| Task inputs |
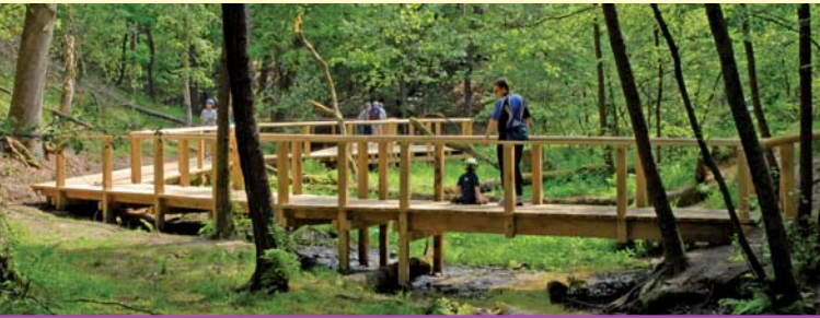
Steg an der Emsquelle
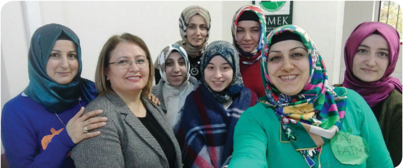
Bursa Osmangazi Belediyesi Emek Kültür Merkezi KİHE Grubu

Eylem Planının iki ana hedefi bulunuyor: Birincisi, kadın istihdamının artırılması için kadınlara mesleki beceriler
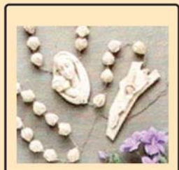
ജപമാല കൈയിലേന്തി 150 വട്ടം നന്മനിറഞ്ഞ മറിയാമിനെ വാഴ്ത്തി പ്രാർത്ഥിച്ചു.
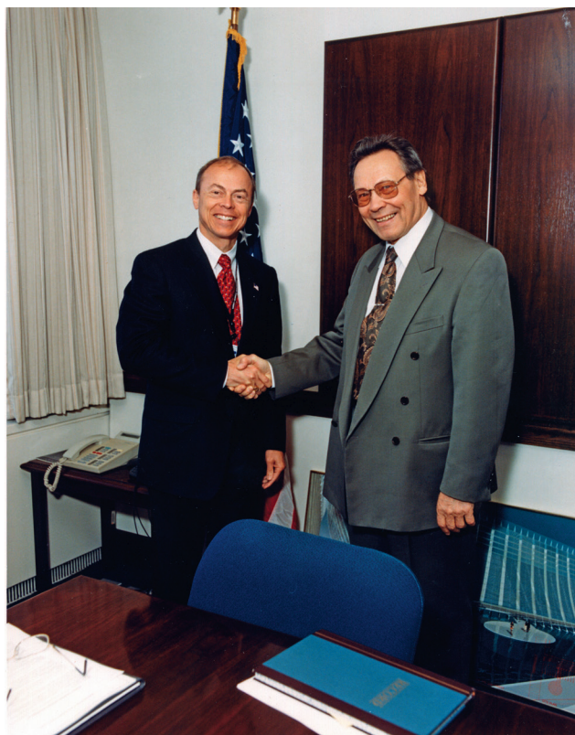
Н.П. Лаверов, иностранный член Национальной инженер- ной академии США
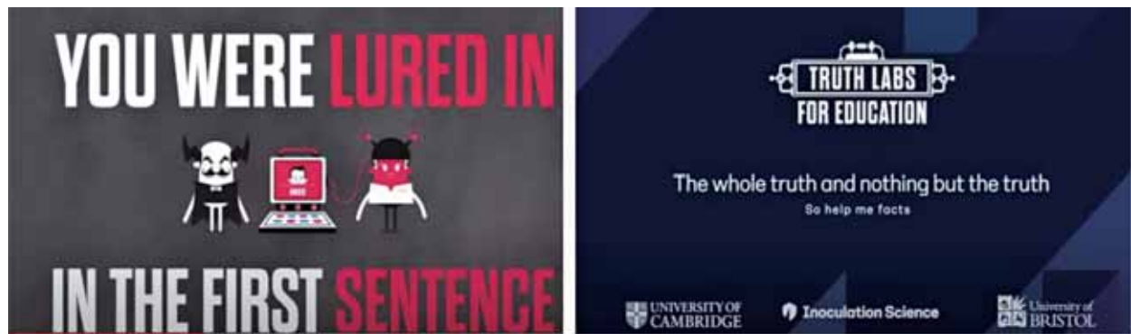
圖二：英國「劍橋大學」製作心理疫苗影片

說明：影片係「英國劍橋社會決策實驗室」製作之「心理預防接種」短片之一，內容陳述惡意人士如何運用情緒性語言操弄「個人認知」；群眾透過觀看就能自發性察覺操弄行為，俾達預先破解之目的。
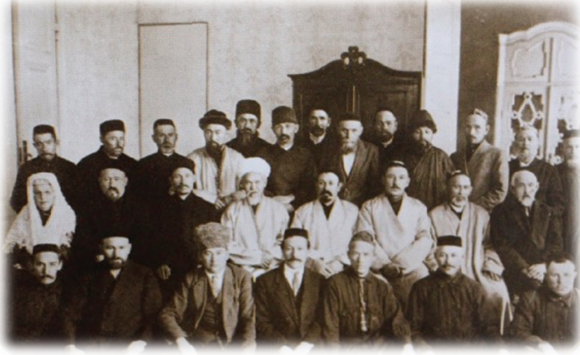
Müslümanların Din İdaresinin Üyeleri (Ufa-1926)
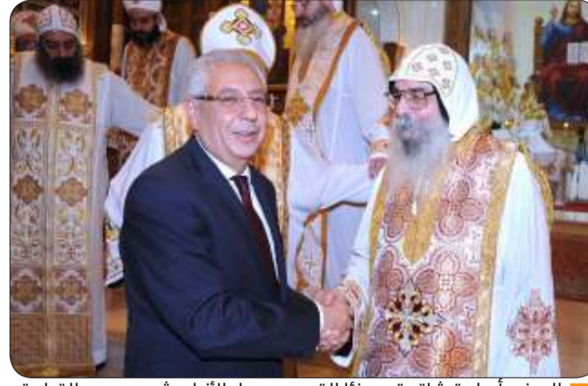
السفير أسامة شلتوت مهتماً القمص بيجول الأنبا بيشوي بعيد القيامة

ان انتهت الفرصة لتوجيه الشكر لسمو أمير البلاد الشيخ مشعل الأحمد وسمو ولي عهد الأمين الشيخ صباح الخالد، وللحكومة المؤقرة وشعب الكويت الكريم على رعايته الكريمة لأبناء الجالية المصرية في الكويت، ونجدد العزيمة على العمل سوياً لإعلاء قيم التسامح والمحبة وإرساء دعائم السلام والاستقرار في ربوع المنطقة.
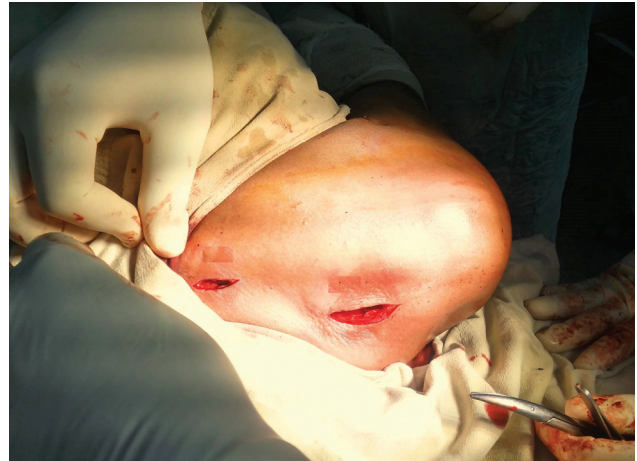
Fig. 2 Duas pequenas incisões nos lados medial e lateral da fratura da clavícula.

nos lados medial e lateral da placa. O braço em C foi utilizado para visualizar as imagens no período intra-operatório em neutro, 30 graus caudal e 30 graus cranial, a fim de confirmar a redução e a colocação das placas. A fixação definitiva foi feita com parafusos corticais de 3,5 mm em ambos os lados da fratura e os parafusos de cabeça bloqueada (LHS) foram usados para completar a fixação (► Fig. 4 ). Os ferimentos foram fechados em camadas.
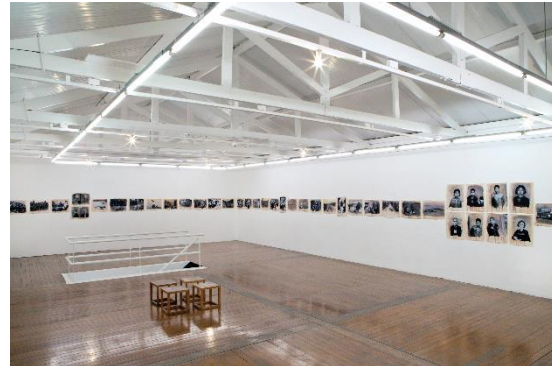
Dora Longo Bahia Desastres da Guerra, 2012
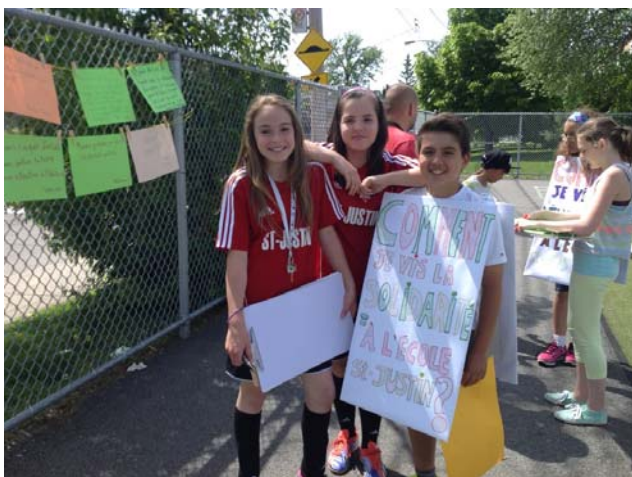
Des élèves à l'œuvre
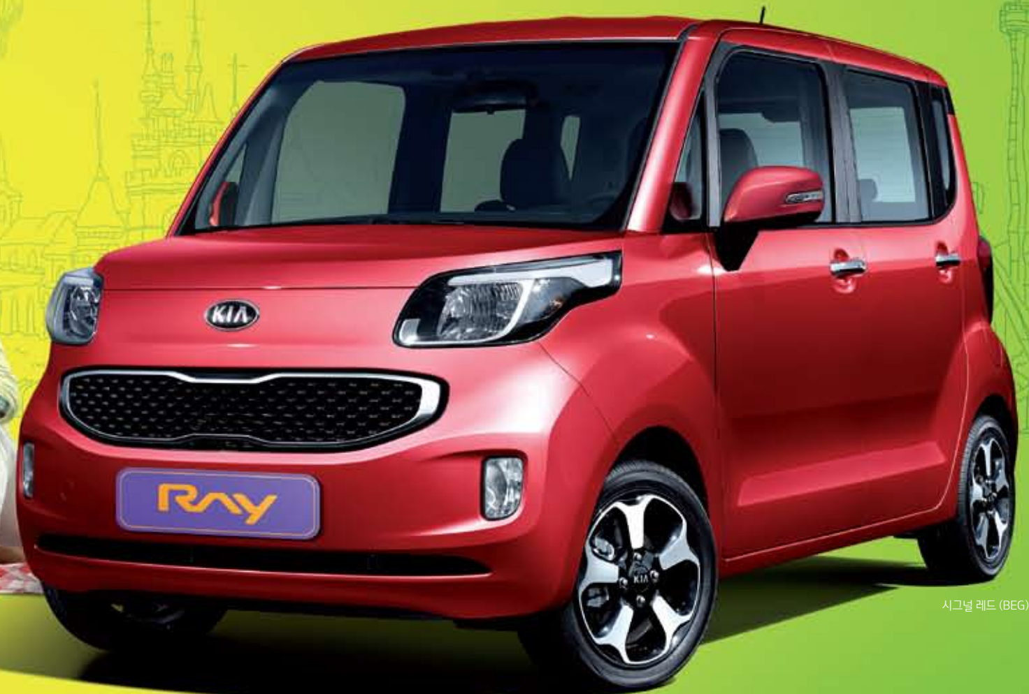
시그널 레드 (BEG)

상기 차량 이미지와 사양 구성은 차종, 차급 및 선택사양에 따라 다르게 적용됩니다.
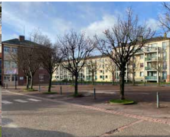
La place Chantal Leblanc telle qu'elle est aujourd'hui
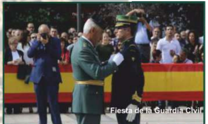
Fiesta de la Guardia Civil

Los responsables de la institución han señalado que la decisión se toma "para evitar situaciones de riesgo" relacionadas con el COVID, y han anunciado que sí se
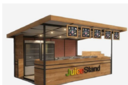
DISEÑO REFERENCIAL DEL STAND DE BEBIDAS NATURALES REQUERIDO POR PROMPERÚ
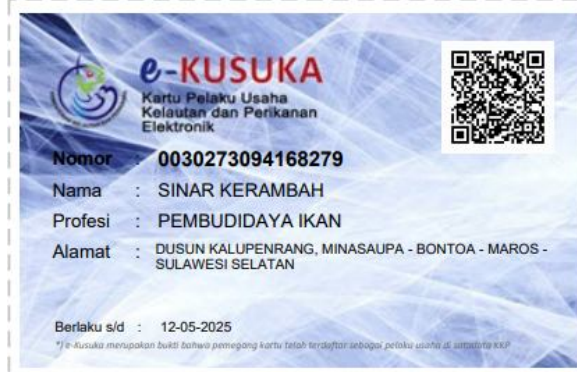
Kartu KUSUKA Korporasi Sinar Kerambah
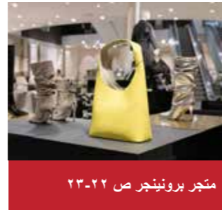
متجر برونيجر ص ٢٢-٢٣
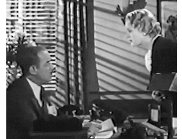
1935 LA JOYEUSE AVENTURE (Ladies Crave Excitement) de Nick Grinde avec Purnell Pratt
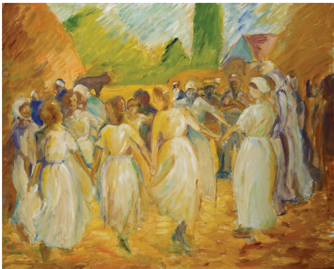
שמן על בד, 80x100
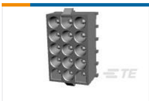
TE 产品编号350434-1 15P UMNL PIN HDR ASSY NATL
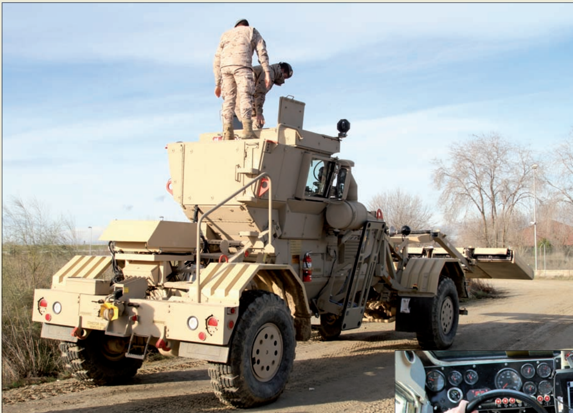
Componentes de la BRILAT durante el curso en “El Goloso”

Estos nuevos sistemas incrementarán la seguridad frente a los explosivos improvisados
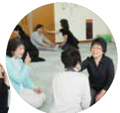
【ボランティア養成講座】
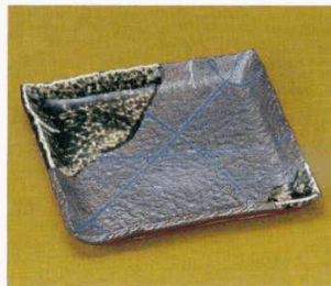
21506-524 南蛮乱十草8.0正角皿 2,600円 20入 (21.5×21.5×2.5cm)
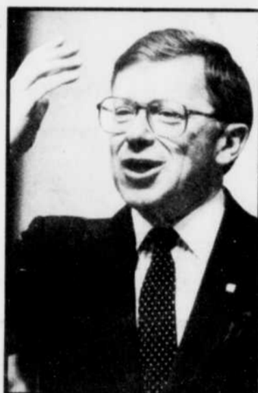
Gérard-D. Lévesque, ministre des Finances.

tions aux services passés des régimes de retraite des employés du secteur public.
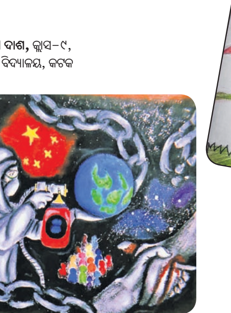
ସୀରାକୀ ଦାଶ, କ୍ଲାସ-୯, କେନ୍ଦ୍ରୀୟ ବିଦ୍ୟାଳୟ, କଟକ
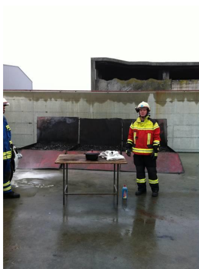
Centre de formation pour la sécurité de Büren
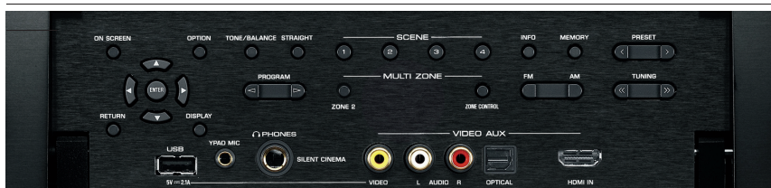
● 前面板上隐藏的的各种功能键

●7声道功率放大器, 每声道110W ●4k/1080p高解析影像升频 ●Cinema DSP 3D环绕音效 (17种DSP音场) ●新增AirPlay网络功能 ●USB插槽支持iPod、iPhone和iPad播放/充电 ●HDMI端子具备ARC和3D功能 ●HDMI ZoneB可让两个房间同步欣赏节目 ●下载AV Controller, 可将智能手机/平板电脑当成放大器的遥控器 ●YPAO R.S.C (反射声音控制) 实现声音优化、多点和扬声器角度测量 ●ECO节能模式减少20%耗电量 ●对白调整加强中置扬声器的声音表现 ●支持多区控制和派对模式 ●LED背光遥控器具备学习功能
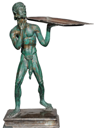
Statuette représentant un marchand de pain ; Pompéi, Maison d'Ephèbe ; I er siècle ap. J.-C. ; bronze ; 26 x 12 x 8,5 cm
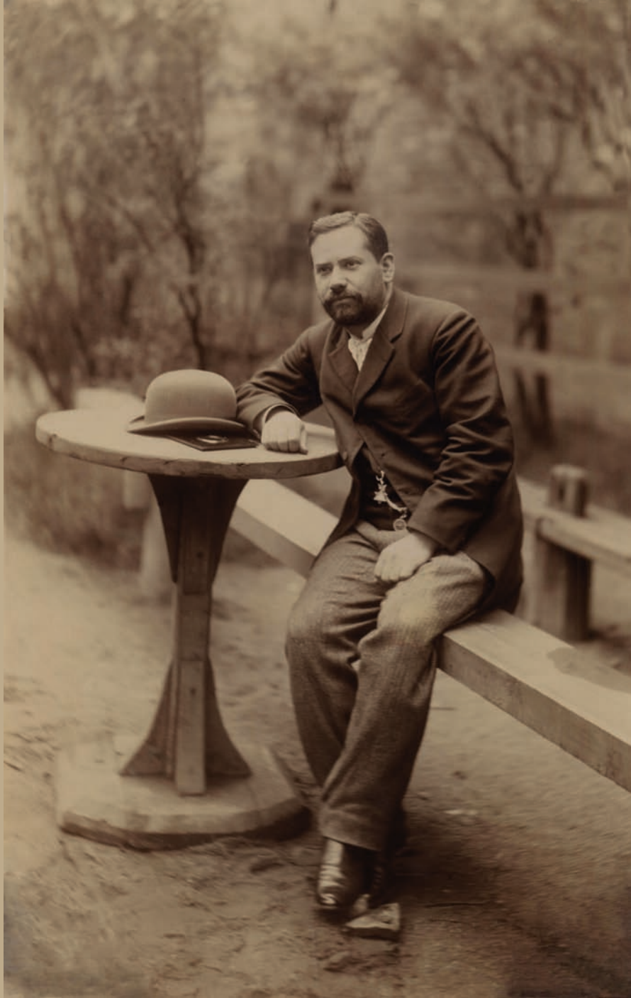
◀ Михаил Николаевич Чернышевский. Санкт-Петербург. 1890-е гг. Фотобумага/фотопечать ч/б. 19,2x12 см.
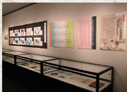
企画展「温故知新の料理物語」
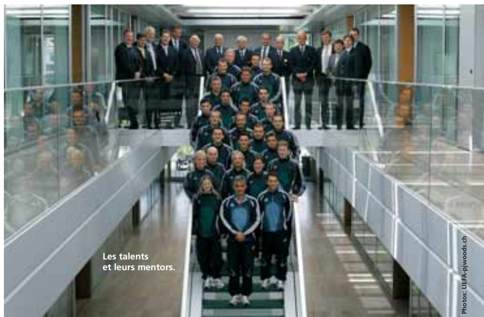
Les talents et leurs mentors.
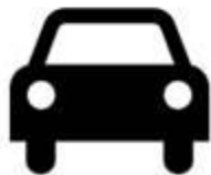
Automobilio išmetamosios dujos
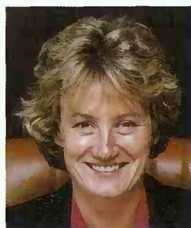
Mme Mady Delvaux-Stehres

Ministre de l'Agriculture, de la Viticulture et du Développement Rural, Ministre délégué aux Affaires Culturelles
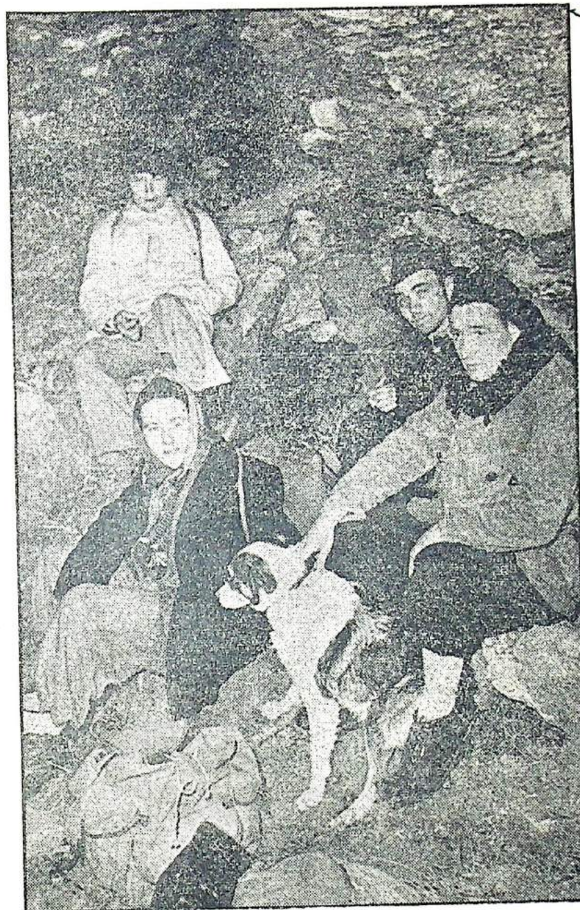
Gastarbeiders, op weg naar Zwitserland, overnachten in grotten.

Hoe begrijpelijk de Italiaanse verontwaardiging over de manier, waarop Italiaanse gastarbeiders in Zwitserland worden verongelikt ook is, de vraag mag gesteld worden of de Italianen niet op een soortgelijke wijze zouden reageren op de aanwezigheid van een verduidelijgend aantal buitenlandse arbeiderskrachten, die in Italië werk zouden komen zoeken. Van een bewust racisme kan in Italië niet worden gesproken, maar feit is dat Noorditalië over het algemeen ook vanuit de hoogste neerkijken op hun eigen landgenoten uit het zuiden en dat de woon- en levensomstandigheden van de binnenlandse emigranten uit Sicilië, Calabrië en de rest van het Mezzogiorno in en rond de Noorditaliaanse industriesteden zeker niet

| Task objective |
Range to copy from the listing above: the line with "Fiesta de la Guardia Civil" through the line with "21506-524 南蛮乱十草8.0正角皿 2,600円". Transcribe it exactly and skip the pictures.

| Result for this task |
Fiesta de la Guardia Civil

Los responsables de la institución han señalado que la decisión se toma "para evitar situaciones de riesgo" relacionadas con el COVID, y han anunciado que sí se
DISEÑO REFERENCIAL DEL STAND DE BEBIDAS NATURALES REQUERIDO POR PROMPERÚ
Kartu KUSUKA Korporasi Sinar Kerambah
متجر برونيجر ص ٢٢-٢٣
1935 LA JOYEUSE AVENTURE (Ladies Crave Excitement) de Nick Grinde avec Purnell Pratt
שמן על בד, 80x100
TE 产品编号350434-1 15P UMNL PIN HDR ASSY NATL
Componentes de la BRILAT durante el curso en “El Goloso”

Estos nuevos sistemas incrementarán la seguridad frente a los explosivos improvisados
【ボランティア養成講座】
21506-524 南蛮乱十草8.0正角皿 2,600円 20入 (21.5×21.5×2.5cm)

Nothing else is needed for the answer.